Problem statement: From the listing below, output the lines between the one with "Lac filea 1 promo?ie" and the one with "R0180 - Reservatório de Óleo 180 Its", including those two, and nothing else. Pictures are not copied.

Material to process:
---+---
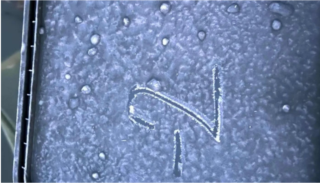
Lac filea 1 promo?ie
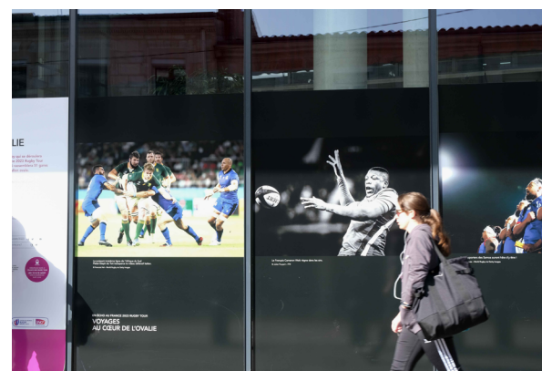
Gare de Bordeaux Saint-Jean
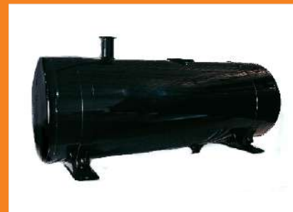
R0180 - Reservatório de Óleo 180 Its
---+---
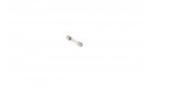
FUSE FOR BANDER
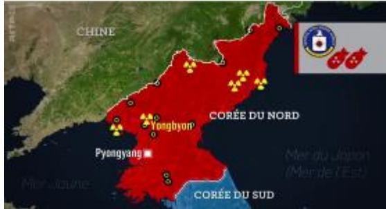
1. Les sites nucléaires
---+---
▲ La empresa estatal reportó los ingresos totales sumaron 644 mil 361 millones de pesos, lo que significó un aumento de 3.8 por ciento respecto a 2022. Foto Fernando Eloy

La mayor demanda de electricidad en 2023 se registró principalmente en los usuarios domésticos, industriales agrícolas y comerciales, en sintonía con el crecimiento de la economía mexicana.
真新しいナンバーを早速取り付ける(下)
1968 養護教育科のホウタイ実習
---+---
Response to this exercise:
Lac filea 1 promo?ie
Gare de Bordeaux Saint-Jean
R0180 - Reservatório de Óleo 180 Its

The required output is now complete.